The term “wetting agent” as used herein is intended to mean a compound used to aid in attaining intimate contact between solid particles and liquids. Exemplary wetting agents include, by way of example and without limitation, gelatin, casein, lecithin (phosphatides), gum acacia, cholesterol, tragacanth, stearic acid, benzalkonium chloride, calcium stearate, glycerol monostearate, cetostearyl alcohol, cetomacrogol emulsifying wax, sorbitan esters, polyoxyethylene alkyl ethers (e.g., macrogol ethers such as cetomacrogol 1000), polyoxyethylene castor oil derivatives, polyoxyethylene sorbitan fatty acid esters, polyethylene glycols, polyoxyethylene stearates colloidal silicon dioxide, phosphates, sodium dodecylsulfate, carboxymethylcellulose calcium, carboxymethylcellulose sodium, methylcellulose, hydroxyethylcellulose, hydroxylpropylcellulose, hydroxypropylmethylcellulose phthalate, noncrystalline cellulose, magnesium aluminum silicate, triethanolamine, polyvinyl alcohol, and polyvinylpyrrolidone (PVP).
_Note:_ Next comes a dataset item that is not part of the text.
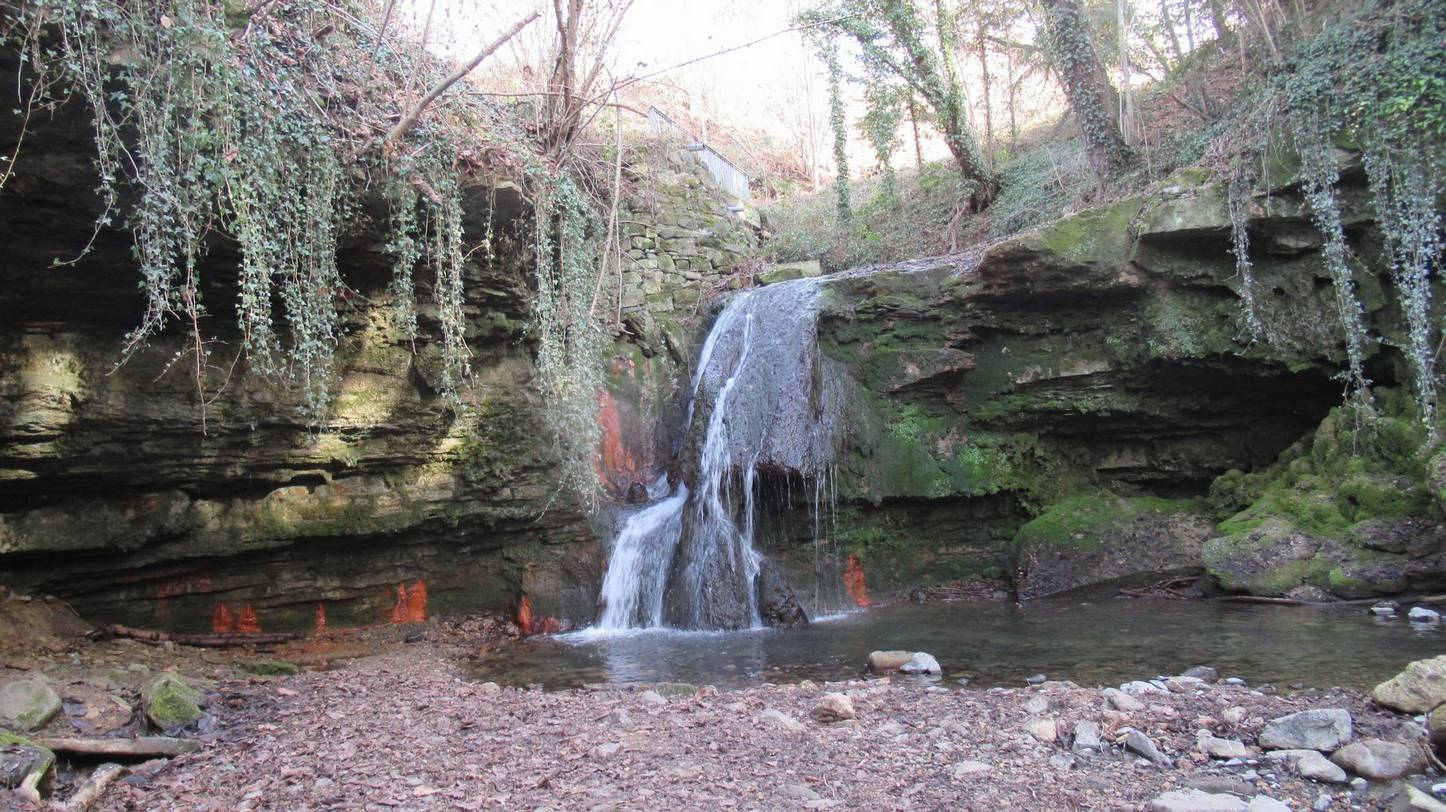 Jeudi 10 février : Rendez-vous au pied du monument aux morts de Vic-le Comte, nous partons dans les rues anciennes où de belles maisons de vignerons sont joliment restaurées. À la sortie de la ville, nous prenons petites routes et grands chemins au milieu des parcelles agricoles et l’on monte vers le Nord-Est : le château des Quaires est bien visible, nous traversons le ruisseau de Pignols, le hameau des Pradas, le ruisseau de Sarsat (nous sommes dans un petit crochet du Parc National du Livradois-Forez) et arrivons à Pardines. Nous repartons vers l’Est, nous sommes en crête et le paysage est vaste : en face de nous tout le Sancy, les Dômes bien sûr, et plus près, la Vierge de Monton, le plateau de Corent et la ville qui s’abrite au-dessous… Des parapentes se lancent du sommet du puy Saint Romain. Nous nous dirigeons vers le Sud et évitons autant que faire se peut la route entre Vic et Laps et trouvons celle qui mène au château des Quaires, qui loge des enfants en attente de placement. Et l’on prend le chemin qui descend dans un petit ravin creusé par le ruisseau de Pignols qui tombe en cascade dans un cirque creusé de grottes. Nous revenons à Vic au milieu des champs puis dans les vieilles rues. Quelle jolie balade, sans difficulté et pourtant paysagère, avec surprise d’une cascade sans montagne, le tout sous le soleil, merci Claude !

All ranges disclosed herein are inclusive and combinable. While the invention has been described with reference to a preferred embodiment, it will be understood by those skilled in the art that various changes may be made and equivalents may be substituted for elements thereof without departing from the scope of the invention. In addition, many modifications may be made to adapt a particular situation or material to the teachings of the invention without departing from essential scope thereof. Therefore, it is intended that the invention not be limited to the particular embodiment disclosed as the best mode contemplated for carrying out this invention, but that the invention will include all embodiments falling within the scope of the appended claims.